=== Records for the task ===

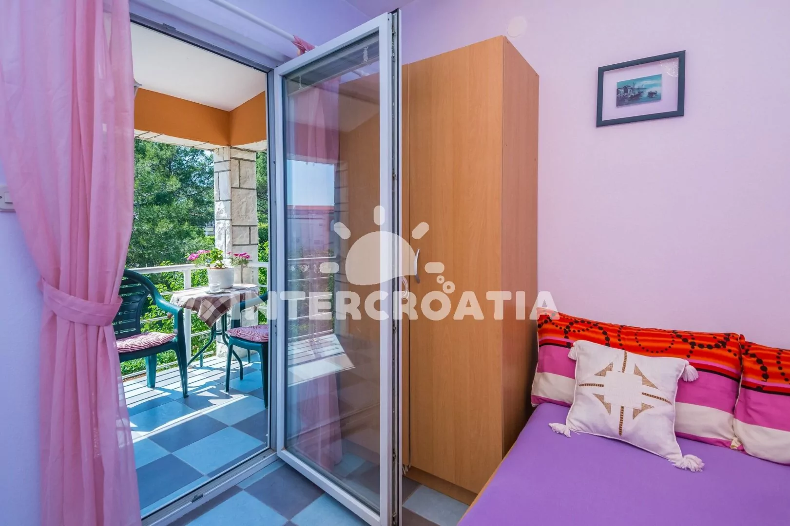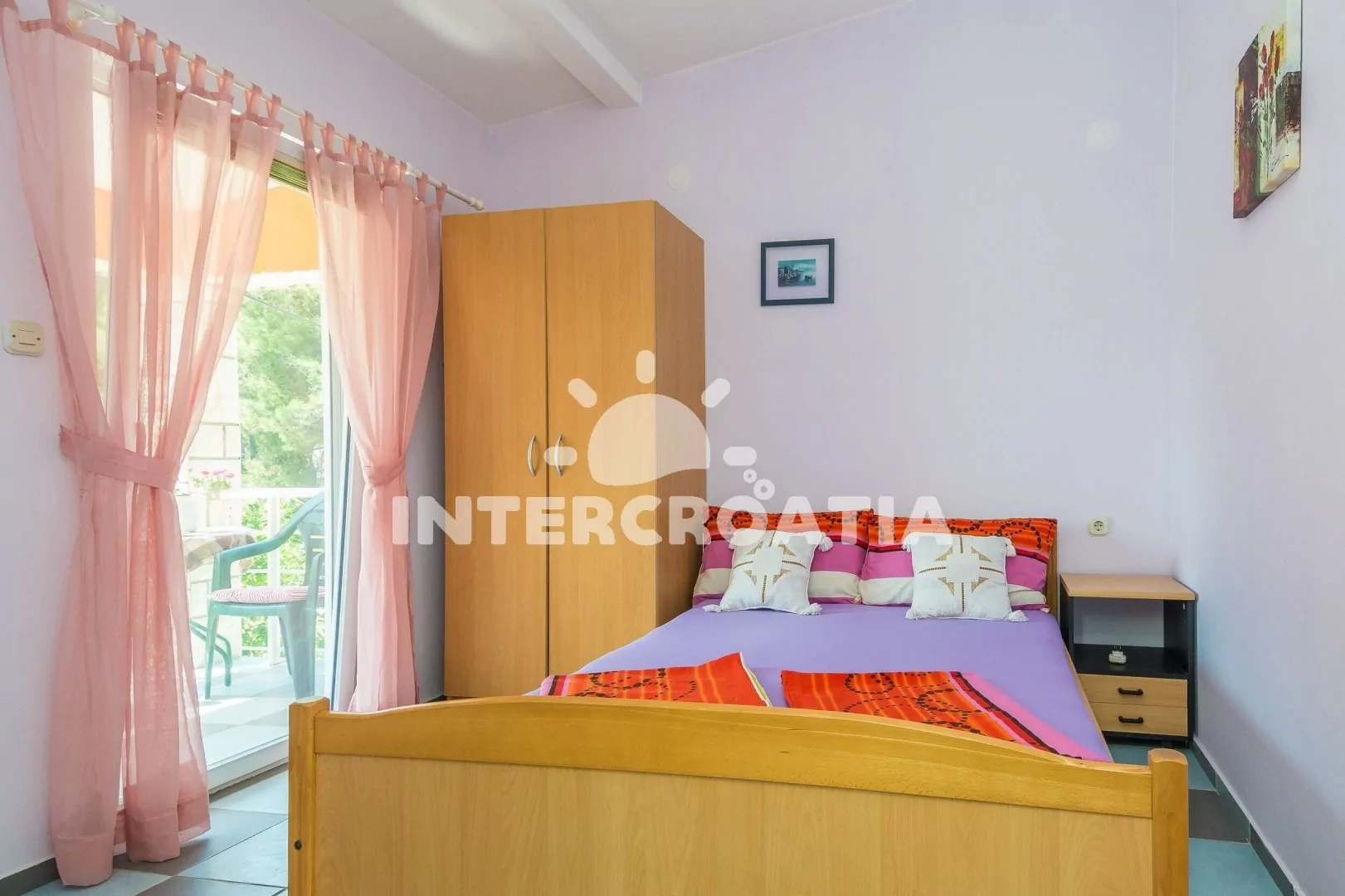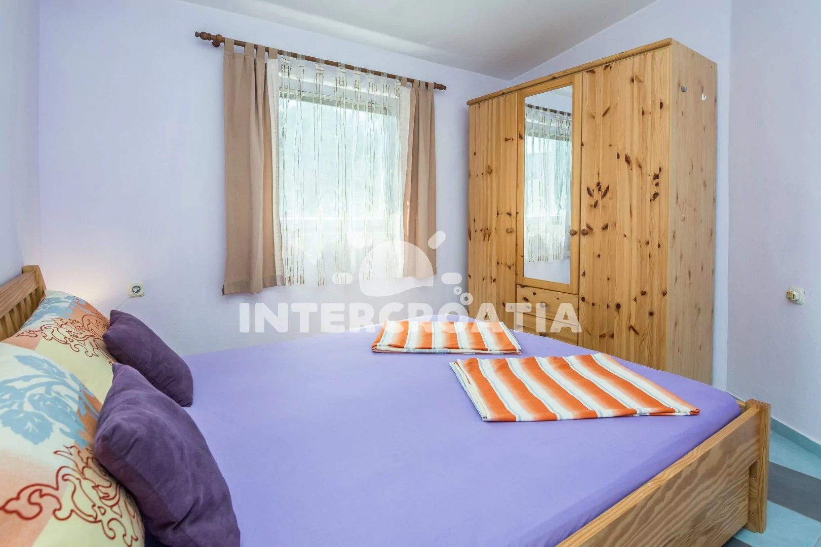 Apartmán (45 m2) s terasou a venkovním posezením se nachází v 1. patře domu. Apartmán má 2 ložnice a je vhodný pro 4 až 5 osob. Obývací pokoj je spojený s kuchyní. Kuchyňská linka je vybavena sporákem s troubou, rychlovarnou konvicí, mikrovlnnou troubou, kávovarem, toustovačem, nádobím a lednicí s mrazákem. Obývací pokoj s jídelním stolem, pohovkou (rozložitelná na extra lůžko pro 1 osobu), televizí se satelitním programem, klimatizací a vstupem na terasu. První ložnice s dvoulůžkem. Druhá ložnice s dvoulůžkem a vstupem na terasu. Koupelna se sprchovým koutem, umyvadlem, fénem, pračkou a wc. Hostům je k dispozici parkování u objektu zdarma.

===
=== Records for the task ===

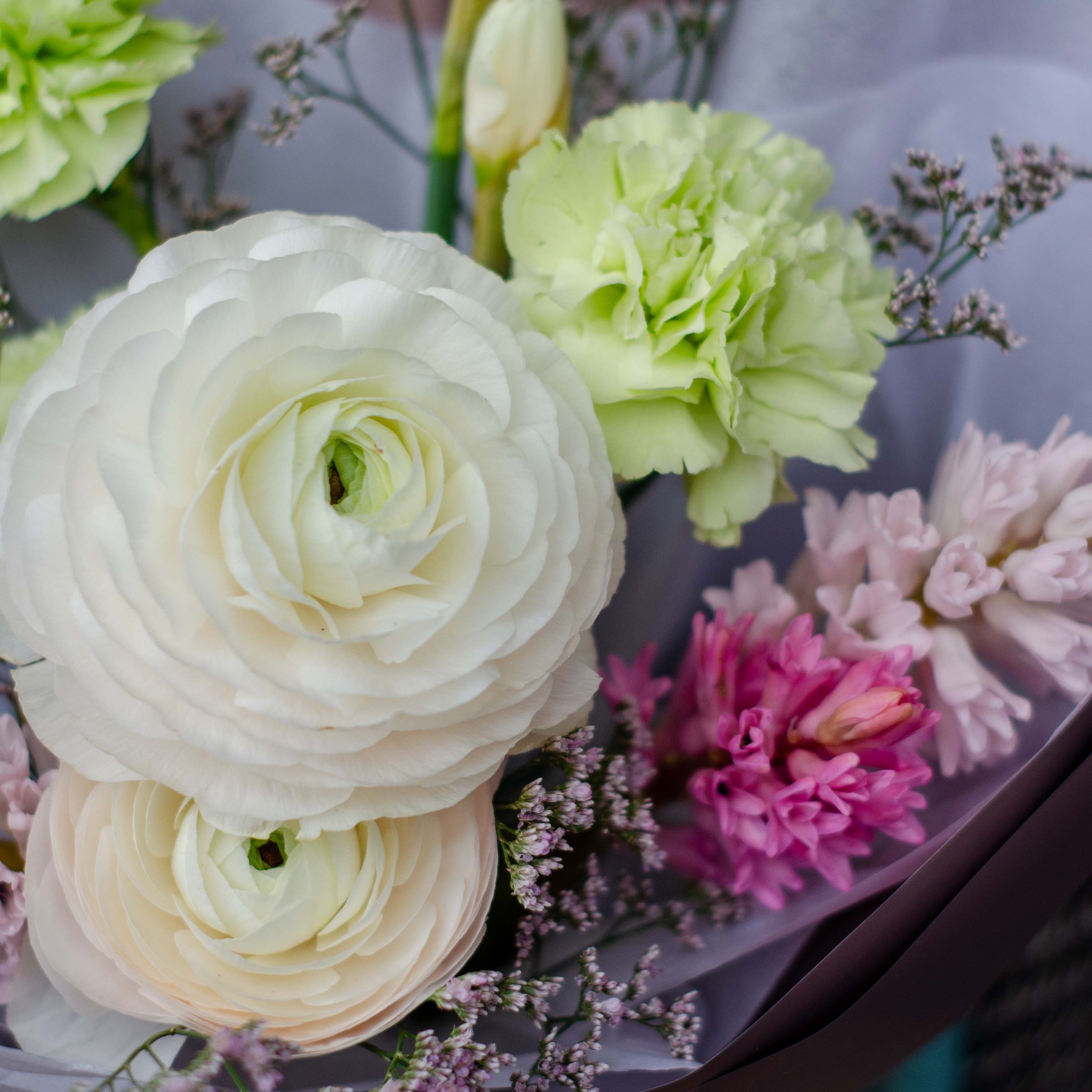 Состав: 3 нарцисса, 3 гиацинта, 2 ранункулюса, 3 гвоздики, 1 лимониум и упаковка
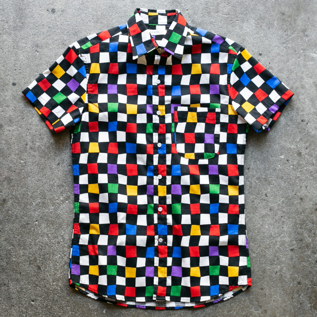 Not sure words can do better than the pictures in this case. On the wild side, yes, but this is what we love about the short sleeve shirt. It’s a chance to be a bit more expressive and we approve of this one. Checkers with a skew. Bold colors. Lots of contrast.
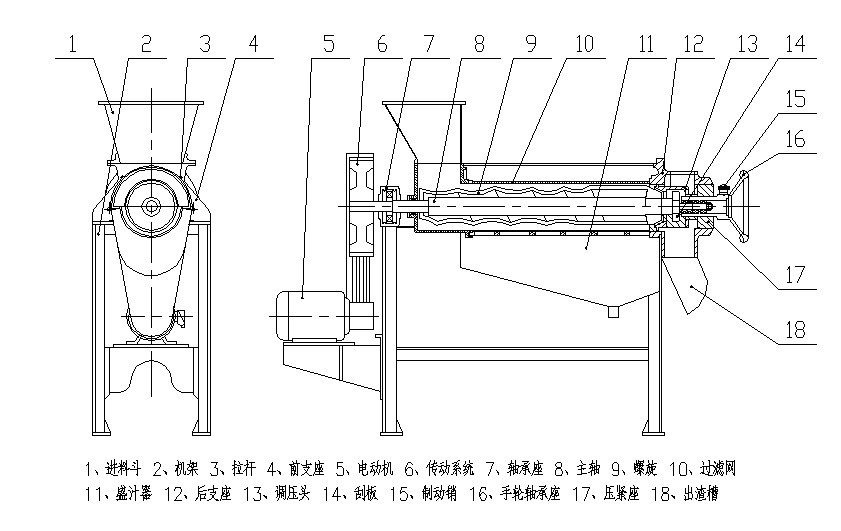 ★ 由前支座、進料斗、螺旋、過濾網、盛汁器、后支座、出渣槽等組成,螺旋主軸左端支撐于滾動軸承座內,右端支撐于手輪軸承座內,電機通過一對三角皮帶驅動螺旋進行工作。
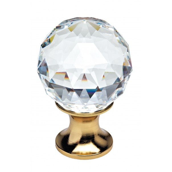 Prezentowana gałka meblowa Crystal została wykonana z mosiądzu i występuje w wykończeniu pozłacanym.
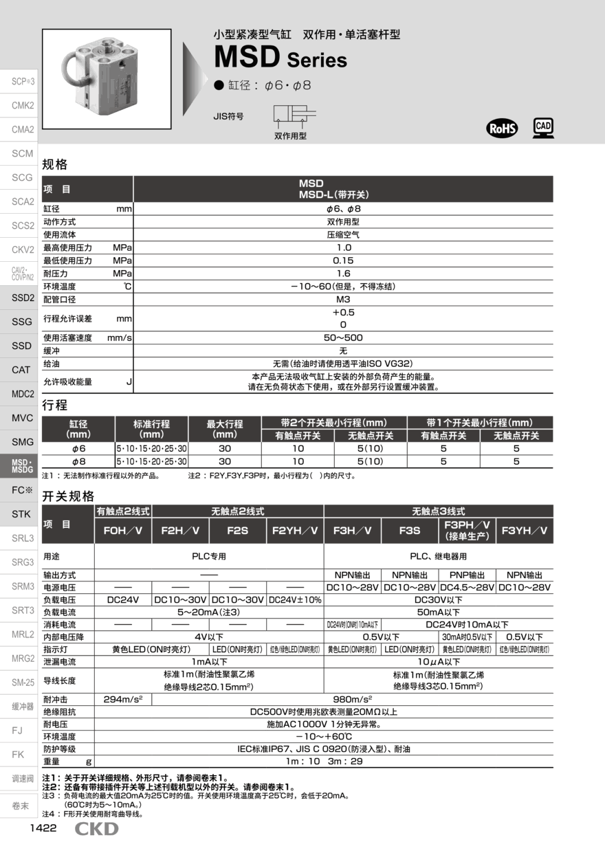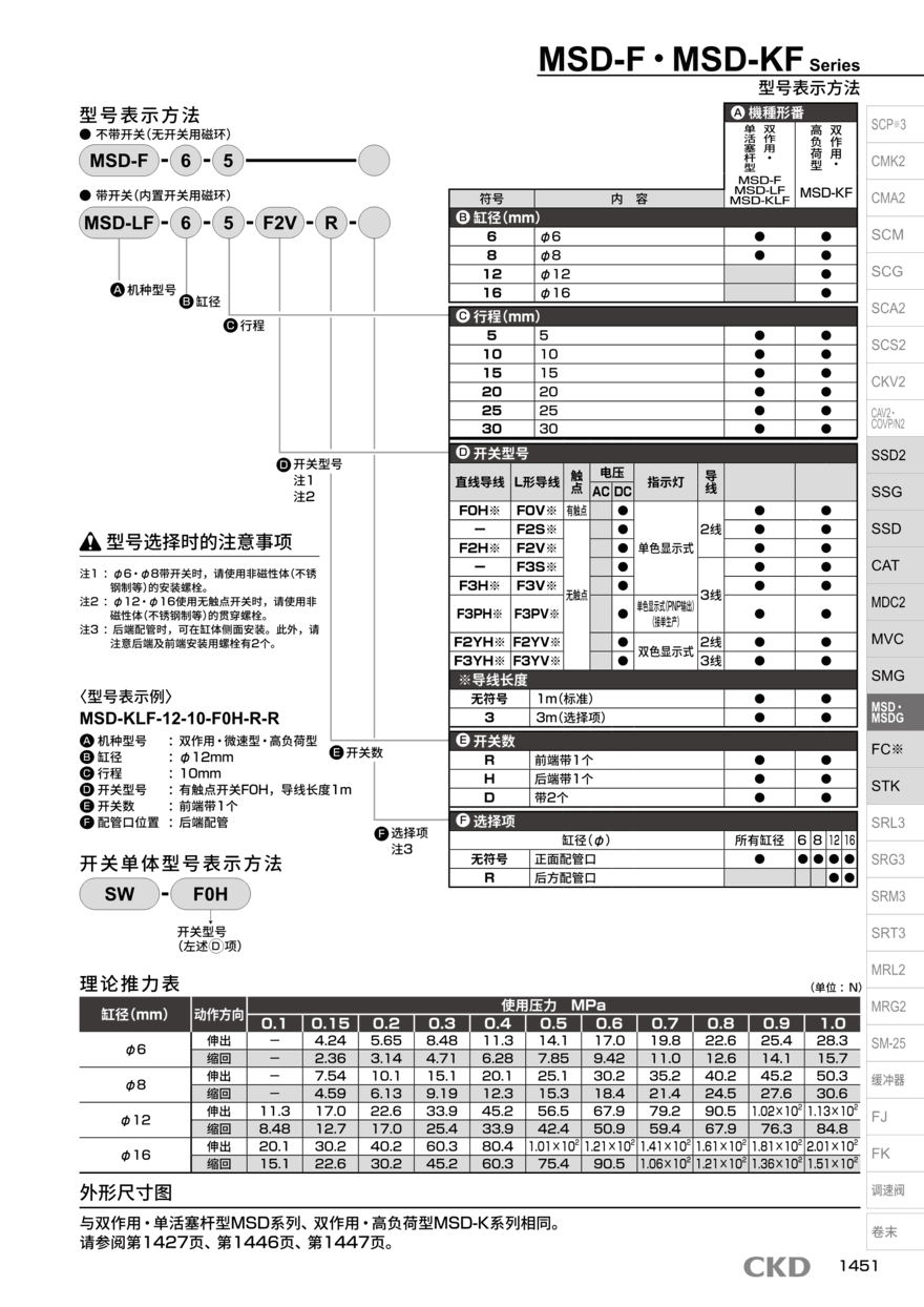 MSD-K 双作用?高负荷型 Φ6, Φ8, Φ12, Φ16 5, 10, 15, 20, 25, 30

===
=== Records for the task ===

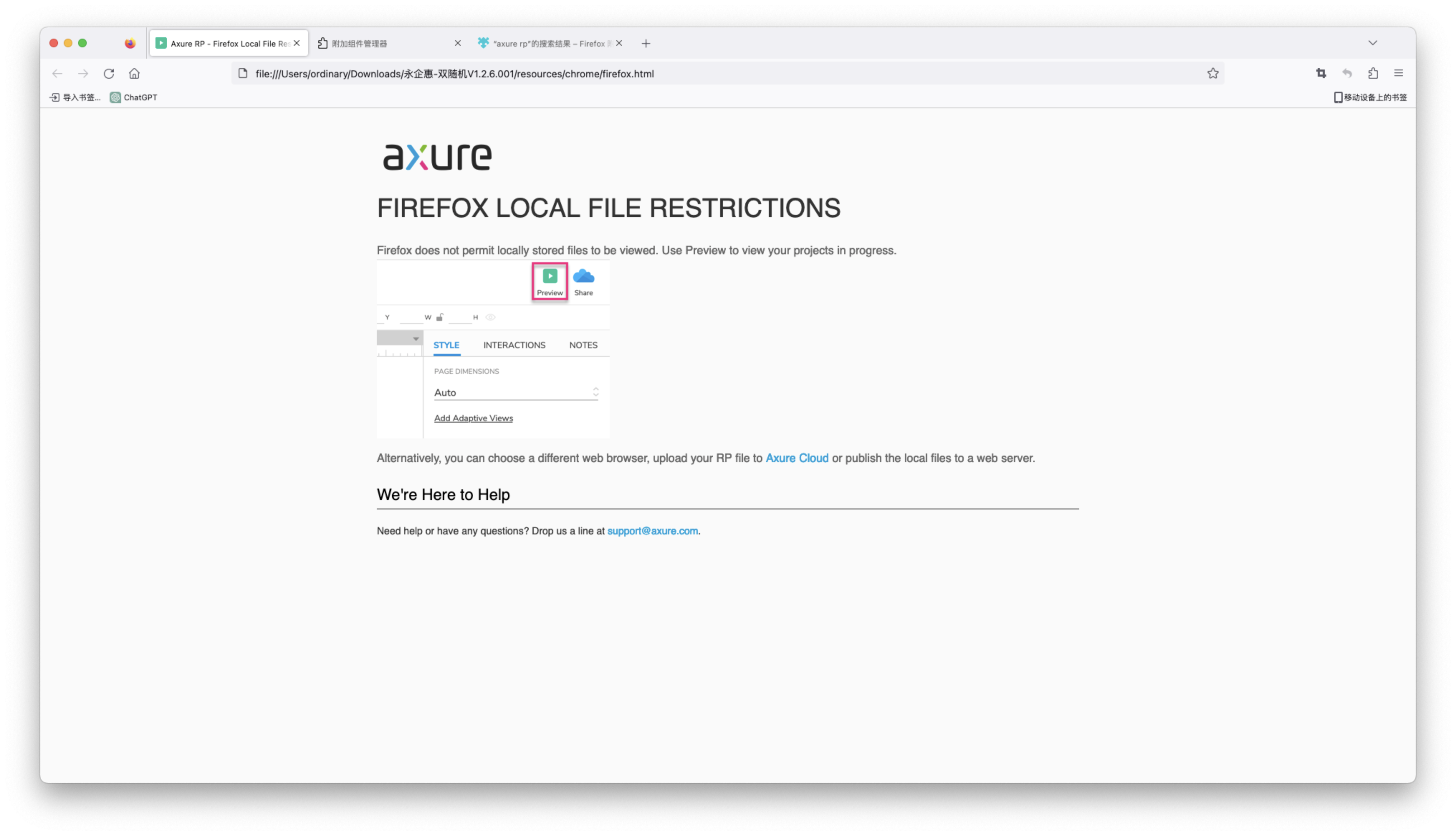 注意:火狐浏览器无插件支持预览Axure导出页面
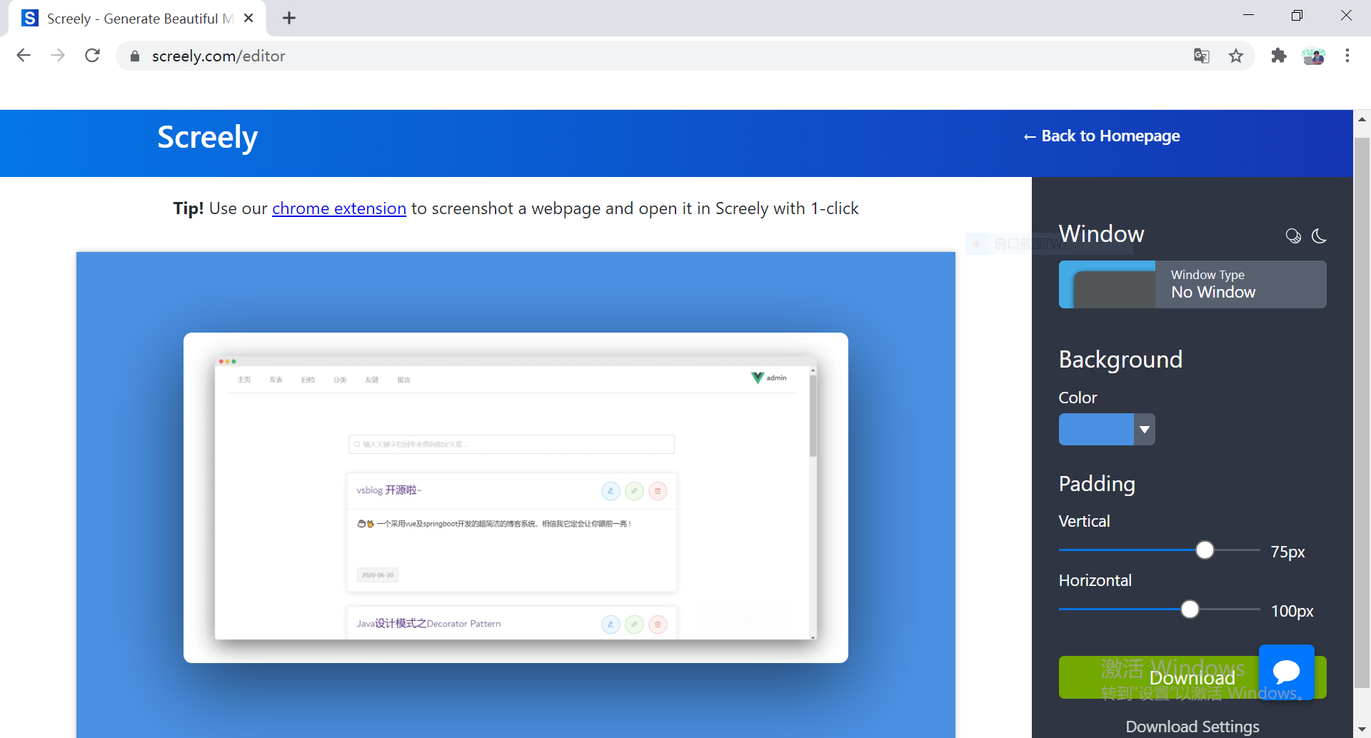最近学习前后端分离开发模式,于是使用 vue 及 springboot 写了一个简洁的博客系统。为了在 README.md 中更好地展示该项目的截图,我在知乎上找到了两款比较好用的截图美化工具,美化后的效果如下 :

===

▶ **Problem statement**: Go down the entries above from the line containing "Prezentowana gałka meblowa" to the line containing "MSD-K 双作用?高负荷型 Φ6, Φ8, Φ12, Φ16" and write out each line exactly, leaving pictures out.

▶ **Result**:
 Prezentowana gałka meblowa Crystal została wykonana z mosiądzu i występuje w wykończeniu pozłacanym.
 MSD-K 双作用?高负荷型 Φ6, Φ8, Φ12, Φ16 5, 10, 15, 20, 25, 30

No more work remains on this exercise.